Por Paulo Rená da Silva Santarém (*) | 10/06/2024 13:30

Em tempos nos quais a privacidade está cada vez mais ameaçada pela tecnologia digital, emerge uma questão crucial: o Estado pode usar softwares espiões sem violar os direitos humanos? A audiência pública marcada pelo STF (Supremo Tribunal Federal) para debater o uso de softwares espiões pelo poder público lança luz sobre esse debate urgente.
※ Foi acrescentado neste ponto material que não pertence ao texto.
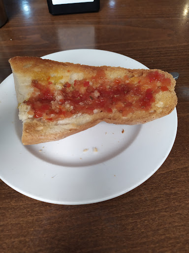 Read moreBuen restaurante de carretera, con mucho aparcamiento, para coches, autobuses, camiones, etc. Se encuentra en un paisaje bastante bonito de apreciar, muy verde. Dispone de una barra amplia en el interior, junto con varias mesas. Pedimos desayuno básico, café (te dan a elegir entre grande o pequeño) y tostada de aceite con tomate, personalmente fue bastante decepcionante, café en su mayoría leche, se aprecia bastante blanquito y sabe mucho más a leche, la tostada el pan bastante rico, aunque algo duro, te dan aceite envasado, que no está mal, pero también te dan una tarrina de tomate que no llega para cubrir la tostada, sin sal y bastante escueto. No sé qué tal se come, no puedo valorar ese punto, los bocadillos que se pueden apreciar no están mal, habría que ver el contenido, la cantidad y su precio. La atención fue...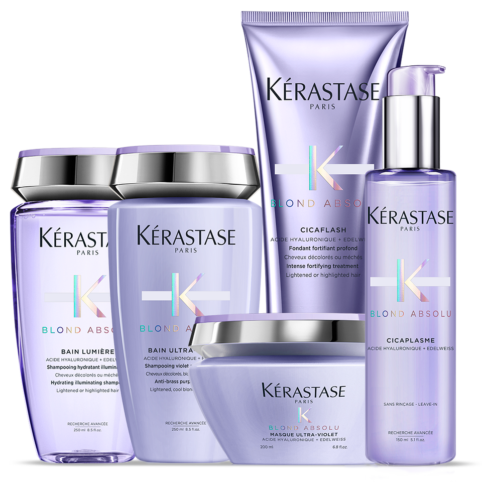 Blond Absolu is the ultimate answer for all blondes. A unique combination of potent Hyaluronic Acid and Edelweiss flower deeply nourished fiber and neutralizes brassiness for an illuminated blonde. This range, also results in silky soft, healthier-looking blonde hair.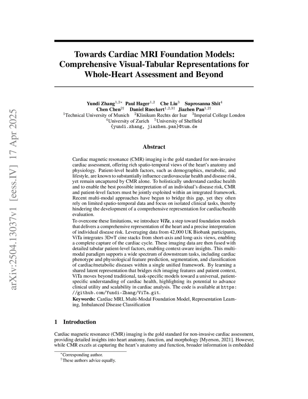 Cardiac magnetic resonance imaging is the gold standard for non-invasive cardiac assessment, offering rich spatio-temporal views of the cardiac anatomy and physiology. Patient-level health factors, such as demographics, metabolic, and lifestyle, are known to substantially influence cardiovascular health and disease risk, yet remain uncaptured by CMR alone. To holistically understand cardiac health and to enable the best possible interpretation of an individual's disease risk, CMR and patient-level factors must be jointly exploited within an integrated framework. Recent multi-modal approaches have begun to bridge this gap, yet they often rely on limited spatio-temporal data and focus on isolated clinical tasks, thereby hindering the development of a comprehensive representation for cardiac health evaluation. To overcome these limitations, we introduce ViTa, a step toward foundation models that delivers a comprehensive representation of the heart and a precise interpretation of individual disease risk. Leveraging data from 42,000 UK Biobank participants, ViTa integrates 3D+T cine stacks from short-axis and long-axis views, enabling a complete capture of the cardiac cycle. These imaging data are then fused with detailed tabular patient-level factors, enabling context-aware insights. This multi-modal paradigm supports a wide spectrum of downstream tasks, including cardiac phenotype and physiological feature prediction, segmentation, and classification of cardiac and metabolic diseases within a single unified framework. By learning a shared latent representation that bridges rich imaging features and patient context, ViTa moves beyond traditional, task-specific models toward a universal, patient-specific understanding of cardiac health, highlighting its potential to advance clinical utility and scalability in cardiac analysis.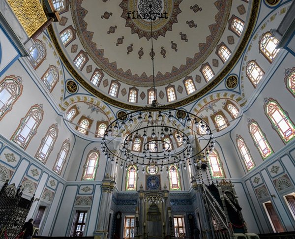 ◾ Kılıç, caminin dikkat çeken bir diğer yanının ise içerisinin çok aydınlık ve tek kubbe altında genişçe bir mekanda sütunlarla bölünmeden ibadet edilebilmesi olduğunu anlattı. Kubbenin bütün ağırlığının duvarlara ve 4 büyük sütun üzerindeki kubbeye yerleştiğini aktaran Kılıç, "Ön tarafta bir mihrap sofası diyebileceğimiz girintili bir alan var. Orada, Ayet-el Kürsi'nin yazılmış olduğu çinili bir pano görüyoruz. Bir de üst tarafında İhlas Suresi'nden bir bölümün yazıldığı madalyon var. Bunlar da yapının klasik havadaki dikkat çekici ayrıntıları. Diğer süslemelerinde daha çok Batı tarzı özellikle desen anlayışı hakim. Bir de içerisinin çok camlı, renkli vitraylarla bezeli olmasıyla özellikle güneşli günlerde rengarenk ışık huzmeleriyle zenginleşmesine şahitlik edebiliriz." dedi.

Neste artigo, examino os riscos da utilização indiscriminada dessas ferramentas, a confusão entre inteligência e segurança pública, a necessidade de regulamentação específica, e a importância de proteger nossos dados pessoais.
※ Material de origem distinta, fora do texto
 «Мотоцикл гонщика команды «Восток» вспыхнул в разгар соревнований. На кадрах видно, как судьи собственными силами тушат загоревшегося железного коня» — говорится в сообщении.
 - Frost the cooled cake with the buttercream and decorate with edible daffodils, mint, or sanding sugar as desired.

O Supremo marcou para hoje e amanhã (11/6) uma audiência pública a respeito do uso de softwares espiões pelo poder público, um marco significativo para os interesses da sociedade brasileira no contexto das tecnologias digitais. A ideia do evento consiste em ouvir diversas vozes da sociedade civil, do poder público e do setor privado, ressaltando a importância de se discutir a utilização de programas de monitoramento secreto por órgãos e agentes públicos. A ação de controle constitucional em foco, a ADPF 1.143, por si mesma, evidencia a necessidade de um debate mais profundo e de uma regulamentação legal nítida sobre o tema.

Nos últimos anos, temos assistido à contratação massiva de ferramentas de espionagem por diversas entidades públicas. O município de Palhoça (SC), por exemplo, investiu aproximadamente R$ 150 mil, enquanto Joaçaba (SC) gastou R$ 200 milhões. Contratos como esses, que totalizam quantias elevadas, são destinados a programas que supostamente solucionariam problemas de segurança pública, mas que, na verdade, estão sendo usados para espionar cidadãos sob o pretexto de segurança.

Esses dados estão disponíveis nos autos da referida ação de controle de constitucionalidade, e se alinham às descobertas do IP.rec, divulgadas em 2022 na publicação Mercadores da Insegurança, que desnuda o cenário de bilhões de reais gastos pelos governos estaduais e federal com a contratação de programas espiões para atividades de segurança pública. [1]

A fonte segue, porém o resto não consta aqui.